The culprit isn’t your database; it’s your sync.
Batch jobs are slow, brittle, and always a step behind.
Change Data Capture (CDC) solves that by streaming only what changed, when it changed.
The Problem
Batch pipelines worked when data volumes were small and latency expectations were measured in hours.
Today, products depend on instant feedback loops: personalized feeds, live dashboards, fraud detection, and collaborative editing.
When your data only refreshes overnight, those experiences fall behind.
And as data grows, batch jobs become heavier: they re-scan entire tables, strain databases during load windows, and deliver snapshots already outdated by the next run.
What you need instead are incremental, low-latency updates that don’t overload your source systems.
That’s what Change Data Capture (CDC) provides: capturing inserts, updates, and deletes as they happen, and streaming them downstream in real time.
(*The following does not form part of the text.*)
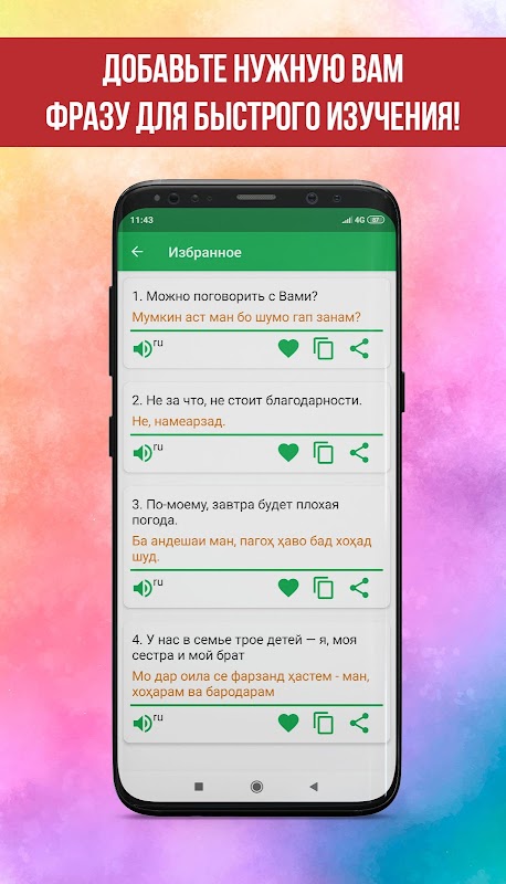 • Вы можете поделиться фразами и копировать в буфер обмена

What CDC is (and How it Works)
Change Data Capture (CDC) is a design pattern that tracks and streams every change made to a dataset (insert, update, or delete) so other systems can react in near real time.
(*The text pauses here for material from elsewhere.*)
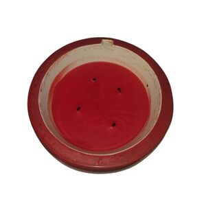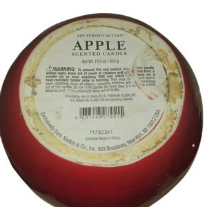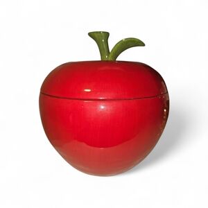 Charming red apple-shaped ceramic container with 1/2 used candle. Features a green stem handle. Still smells amazing!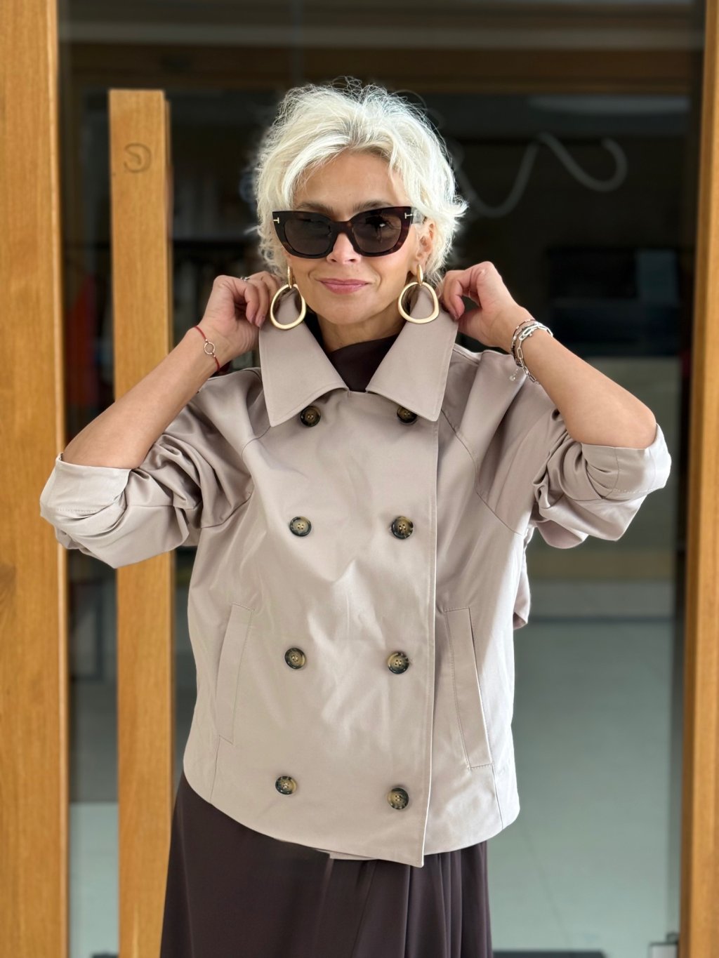 Dvě řady knoflíků ještě podtrhují její jedinečnost.

Instead of reprocessing an entire table, CDC captures only what changed and when, then delivers that delta downstream as an event.
How it Works
Every database already records its own history internally; it must, to ensure durability and recovery.
CDC taps into that same information.
When a row is added, updated, or deleted, the database logs those operations in its transaction log.
CDC systems read those logs, transform the raw changes into structured events, and push them to a delivery mechanism (like Kafka, Kinesis, or Pub/Sub) where other systems can consume them.
Capture Methods
Different systems detect changes in different ways, each with its own trade-offs:
Timestamp polling → The simplest form. Periodically query rows with a last_modified column newer than the last checkpoint. Easy to implement but misses hard deletes and adds latency between polls.
Database triggers → Functions that fire automatically on INSERT, UPDATE, or DELETE, writing change details into a separate table. Reliable and immediate, but can add overhead to write-heavy systems and complicate schema management.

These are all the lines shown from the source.